INSTRUCTIONS TO FOLLOW:
Return, unchanged and with no pictures, the lines below from the very first through the one that contains "3)20260119-广电电".

(Dataset records)
###

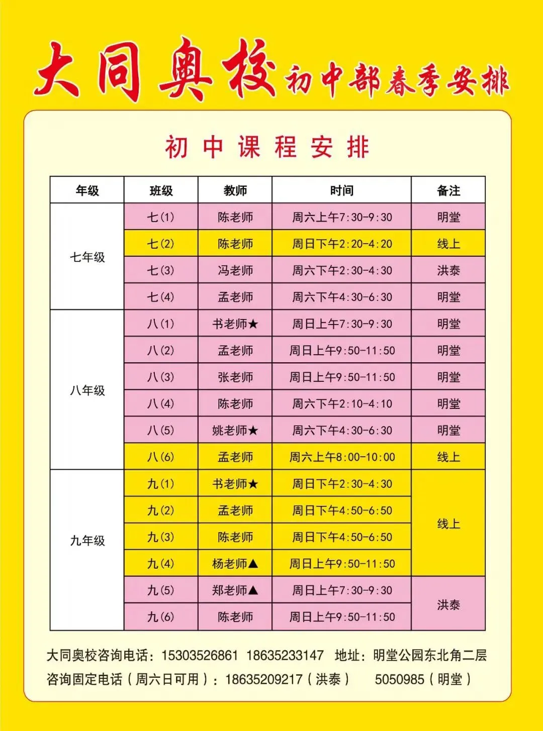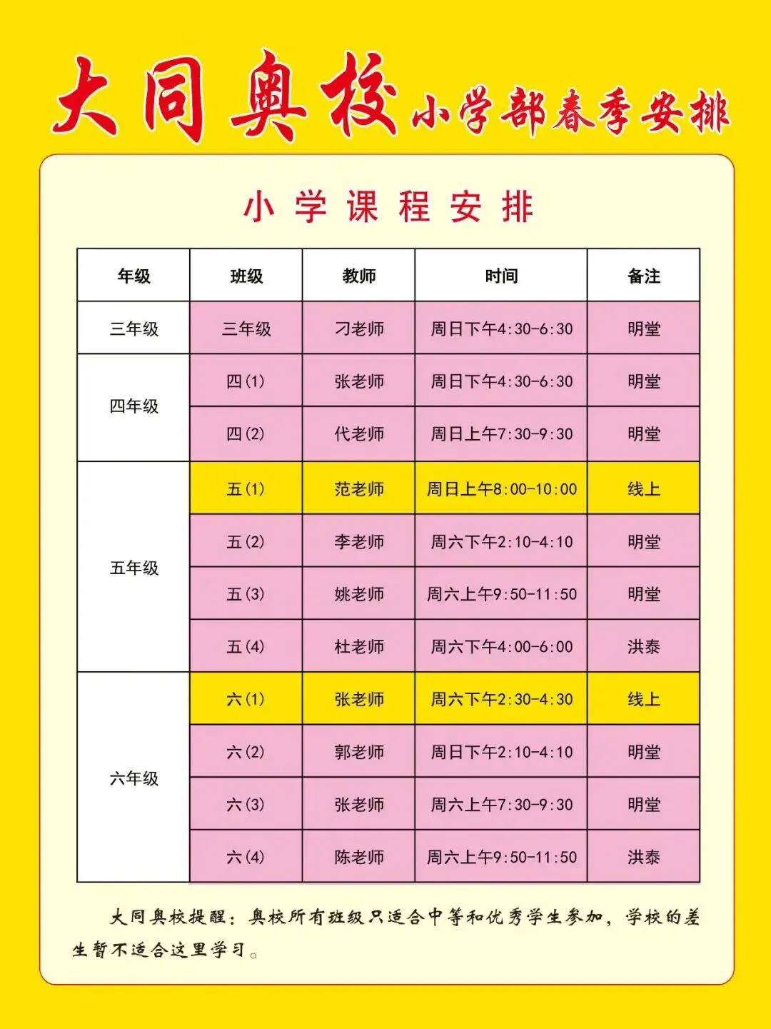 >大同奥校2026年寒假和春季安排
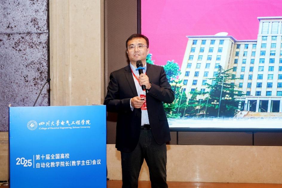 王艳丽代表四川省教育厅高教处对会议的召开表示祝贺。她指出四川省正深入贯彻落实党的二十届四中全会精神,持续优化高等教育布局,深化评价改革与综合试点工作,着力构建基础学科拔尖人才、战略紧缺人才和创新创业人才培养机制,本次会议聚焦智能时代自动化专业人才培养的创新与实践,是推动教育、科技、人才三位一体协同发展的重要举措。面对智能化发展趋势,自动化专业发展需进一步推动大数据、人工智能等前沿技术与传统课程深度融合,构建符合区域产业需求的自动化教育新生态。最后,她希望与会专家为四川省高等教育发展建言献策,共同推动自动化人才培养体系创新,为国家和区域现代化产业体系建设提供有力支撑。
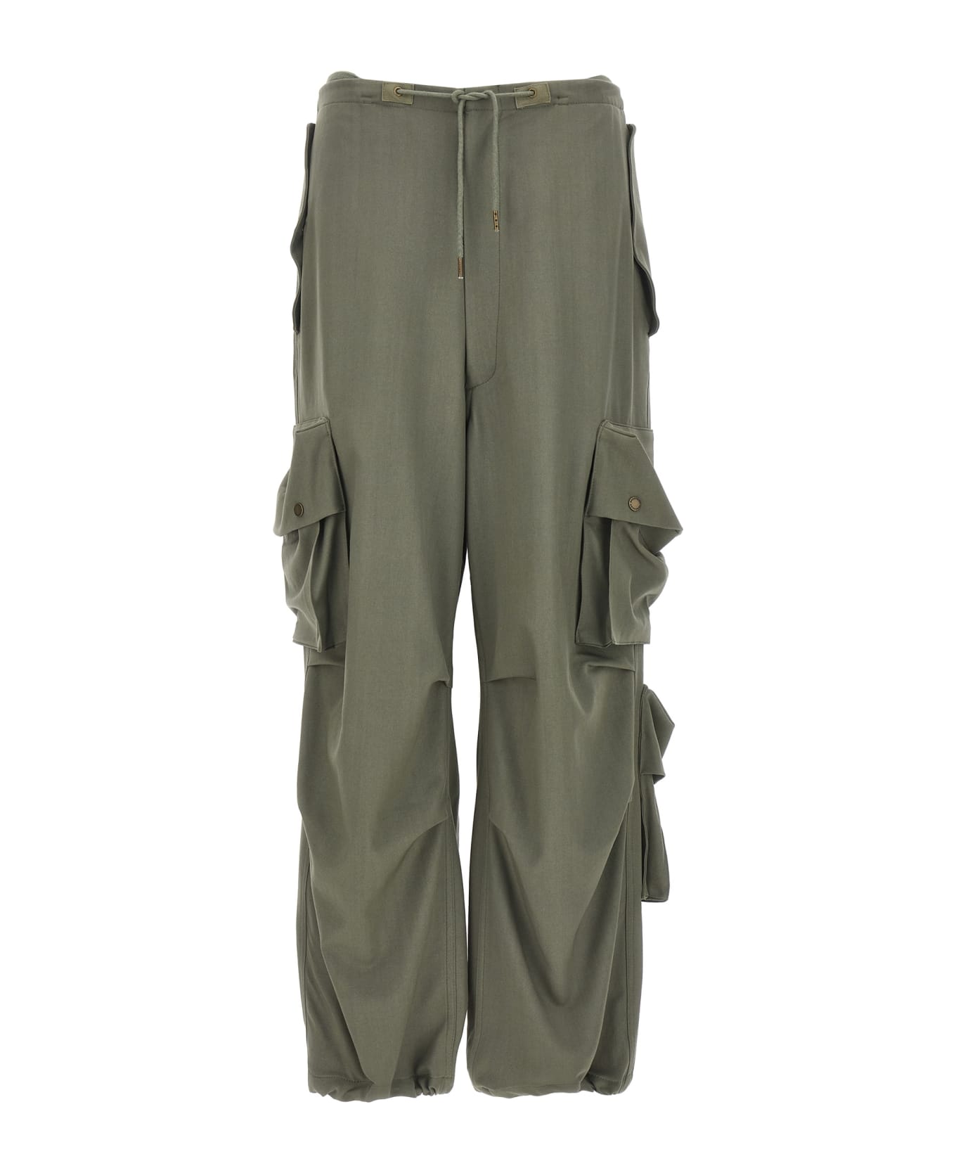 'Blair' cargo pants in wool twill, wide leg and low waist, zip and button closure and adjustable drawstring at the waist, pockets, adjustable drawstring at the bottom of the leg. Composition: 100% virgin wool
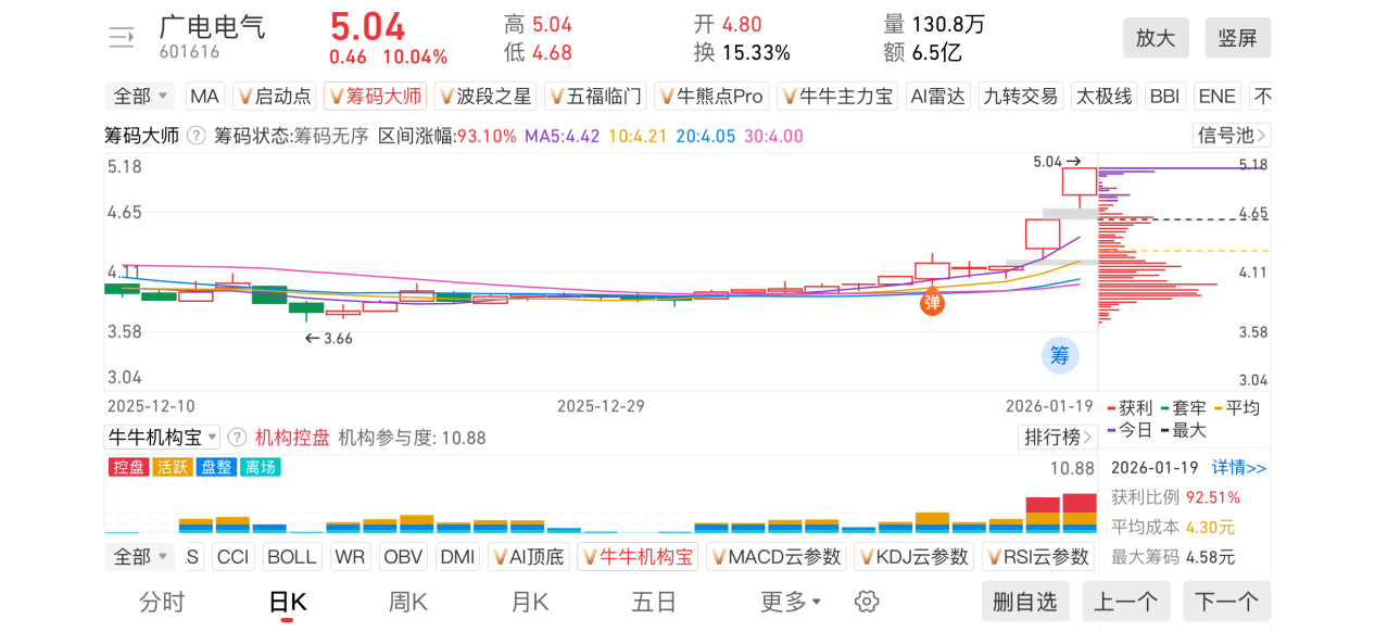 3)20260119-广电电气-601616-【筹码大师】和【牛牛机构宝】-近期出现弹信号且底部量柱由绿转红
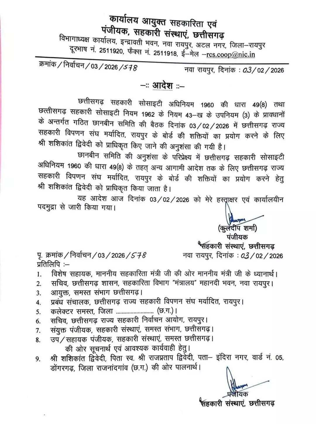 सहकारिता विभाग का बड़ा फैसला: छत्तीसगढ़ मार्कफेड के बोर्ड अधिकार अब शशिकांत द्विवेदी को सौंपे गए, आदेश जारी
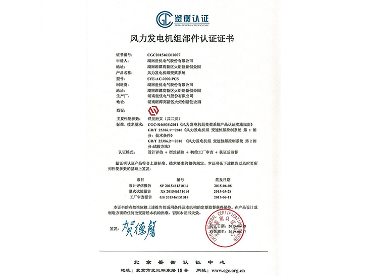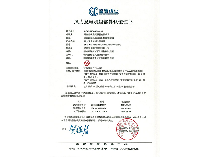 • 風力發(fā)電機組主控系統(tǒng)鑒衡認證
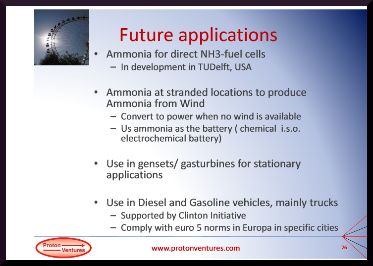 The best features of ammonia are those it shares with hydrogen: it can be used both in internal combustion engines and in fuel cells, it produces no greenhouse gasses on combustion, and it can be produced from a wide variety of renewable energy resources…..
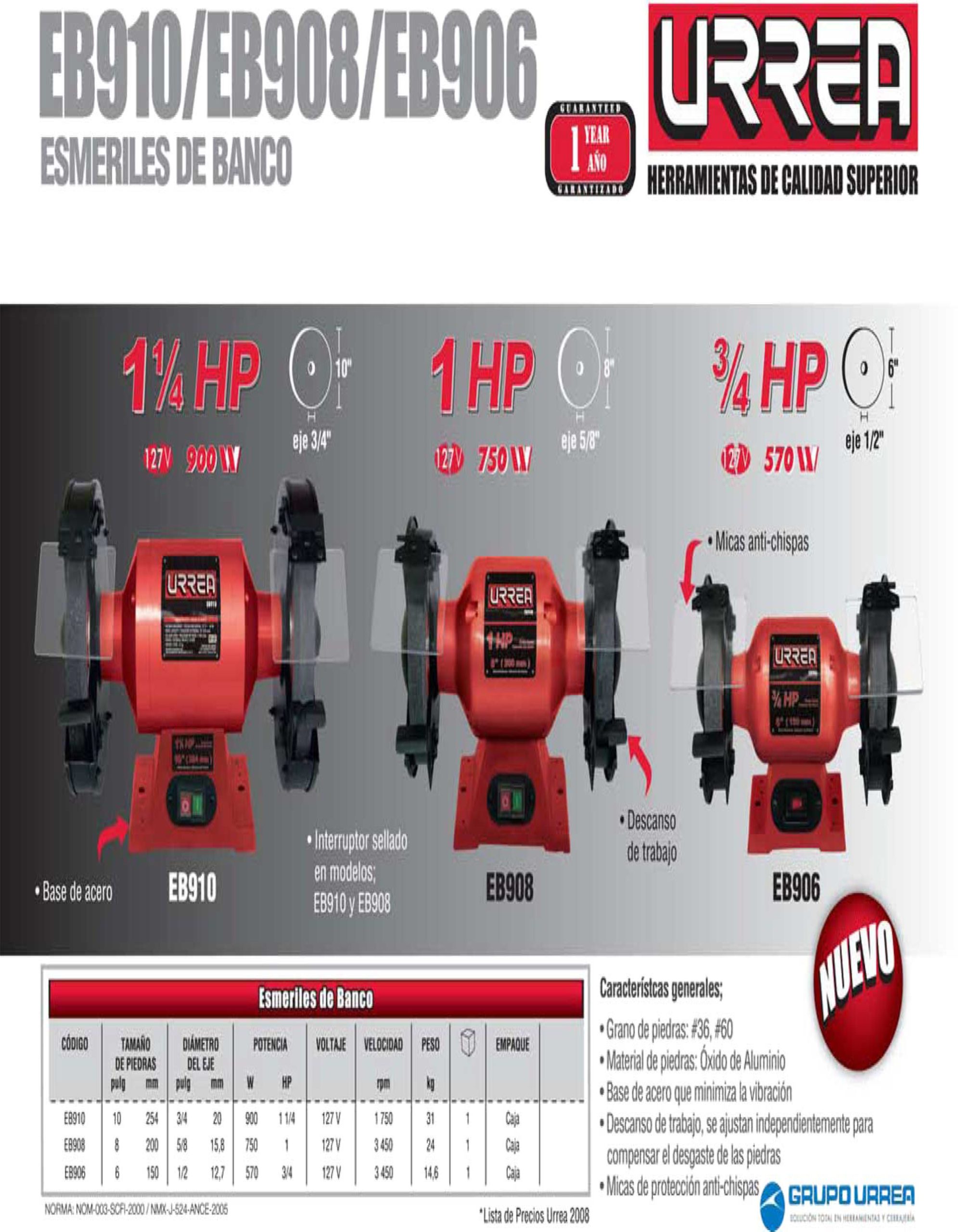 Esmeril de banco 6″ 3/4 HP 570 W 127 V, 3450 RPM Urrea

###

EXPECTED OUTPUT:
 >大同奥校2026年寒假和春季安排
 王艳丽代表四川省教育厅高教处对会议的召开表示祝贺。她指出四川省正深入贯彻落实党的二十届四中全会精神,持续优化高等教育布局,深化评价改革与综合试点工作,着力构建基础学科拔尖人才、战略紧缺人才和创新创业人才培养机制,本次会议聚焦智能时代自动化专业人才培养的创新与实践,是推动教育、科技、人才三位一体协同发展的重要举措。面对智能化发展趋势,自动化专业发展需进一步推动大数据、人工智能等前沿技术与传统课程深度融合,构建符合区域产业需求的自动化教育新生态。最后,她希望与会专家为四川省高等教育发展建言献策,共同推动自动化人才培养体系创新,为国家和区域现代化产业体系建设提供有力支撑。
 'Blair' cargo pants in wool twill, wide leg and low waist, zip and button closure and adjustable drawstring at the waist, pockets, adjustable drawstring at the bottom of the leg. Composition: 100% virgin wool
 3)20260119-广电电气-601616-【筹码大师】和【牛牛机构宝】-近期出现弹信号且底部量柱由绿转红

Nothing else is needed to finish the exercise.